We first amplified a 77 bp long minimal TK promoter followed by the mCherry coding sequence by PCR and inserted the fragment into an NcoI-HF®-digested (NEB) pGemT-vector (Promega). We amplified the left homology arm (637 bp) targeting the β-globin locus roughly 1.5 kb downstream of the Hbb-y gene from R1 ESC DNA by PCR. We inserted it upstream of the TK- promoter into the SphI-HF®-digested (NEB) TK-mCherry plasmid, leaving the SphI-site intact. We used this SphI site to introduce a loxP-flanked puromycin-deltaTK cassette and a 1.5 kb spacer from inert human DNA between the left homology arm and the TK promoter. The loxP- flanked puromycin-deltaTK cassette was PCR-amplified from a previously generated targeting vector (Thomas et al. 2021). Using a forward primer that mapped to the loxP site upstream of the puromycin-deltaTK cassette but contained mutations, we turned the upstream loxP site into a lox71 site. The 1.5 kb spacer was amplified from HEK-293 DNA, kindly provided by the lab of Dea Slade. We then inserted a 232 bp long BGH polyA sequence downstream of the mCherry coding sequence into the NotI-HF®-digested (NEB) plasmid, leaving the NotI-site intact and introducing an additional BamHI-site. As we did not manage to PCR-amplify the right homology arm, we ordered the synthesised fragment (832 bp) integrated into a plasmid and flanked by a BamHI- (upstream) and a NotI-site (downstream) from BioCat GmbH. We obtained the right homology arm fragment by BamHI-HF®- and NotI-HF®-digestion (both NEB) and ligated it into the likewise BamHI-HF®- and NotI-HF®-digested HAL-pdTK-spacer-TK-mCherry-pA plasmid, downstream of the polyA site.
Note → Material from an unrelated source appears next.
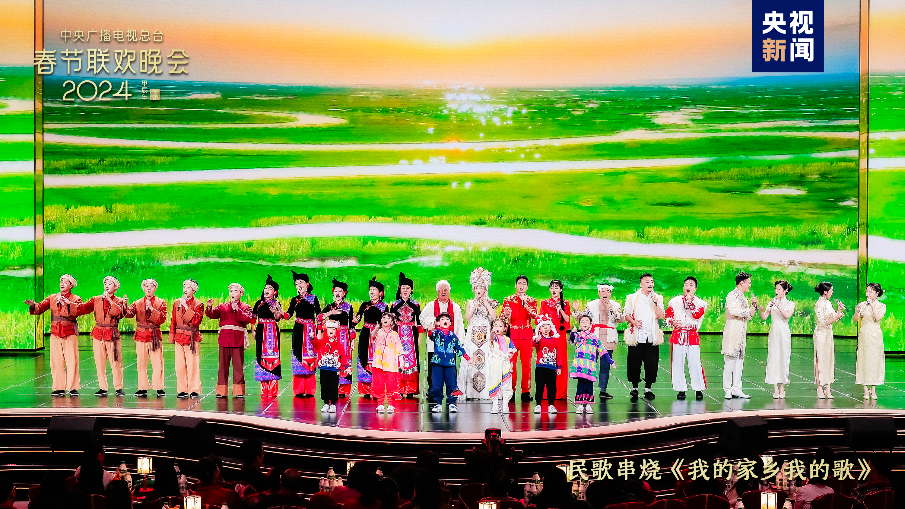大江南北共歡騰。今年春晚北京主會(huì)場與遼寧沈陽、湖南長沙、陜西西安、新疆喀什四地分會(huì)場節(jié)目氣韻貫通,國潮表演、歌舞說唱、器樂演奏等節(jié)目形式與地域特點(diǎn)巧妙融合,熱潮一浪高過一浪。民歌串燒《我的家鄉(xiāng)我的歌》集納《太陽出來喜洋洋》《采茶舞曲》《山歌好比春江水》《誰不說俺家鄉(xiāng)好》等眾多經(jīng)典民歌,耳熟能詳?shù)男擅枥L出山河錦繡的幸福年景。

For KI of the reporter gene, v6.5 mouse ESCs38 were cultured and transfected by lipofection with 400 ng of circular targeting vector, 400 ng of gRNA-containing plasmid and 4 μL of Lipofectamine 2000 Transfection Reagent (InvitrogenTM), as described before (Thomas et al. 2021). In brief, cells were transferred to a 10 cm dish the day after transfection and selection with Puromycin (2 μg/mL, InvivoGen) was started within 48 h of transfection. After a week of selection, single colonies were picked. Integration was validated by PCR with primers “KI validation 1 forward+reverse” (mapping upstream of the left homology arm in the genome and downstream of the left homology arm in the insert) and “KI validation 2 forward+reverse” (mapping upstream of the right homology arm in the insert and downstream of the right homology arm in the genome). All analysed clones were heterozygous, with the reporter gene being inserted on the C57BL/6 allele as judged by SNPs in Sanger-sequenced PCR products. Clones were expanded and subsequently transfected with a plasmid expressing Cre-recombinase to remove the puromycin-deltaTK cassette and leave a single lox71 site (in reverse orientation) behind. After one week of selection with Ganciclovir (500 ng/mL, InvivoGen), single clones were picked, and removal of the puromycin-deltaTK cassette was confirmed with primers “KI validation after Cre forward+reverse” (mapping up-and downstream of the excised cassette). Overlapping PCR products (primers “reporter validation 1-4 forward+reverse”) spanning the entire insert, the homology arms and the genome are up- and downstream of the insertion were submitted for Sanger sequencing to confirm the intactness of the β-globin-locus, the homology arms and the inserted sequence.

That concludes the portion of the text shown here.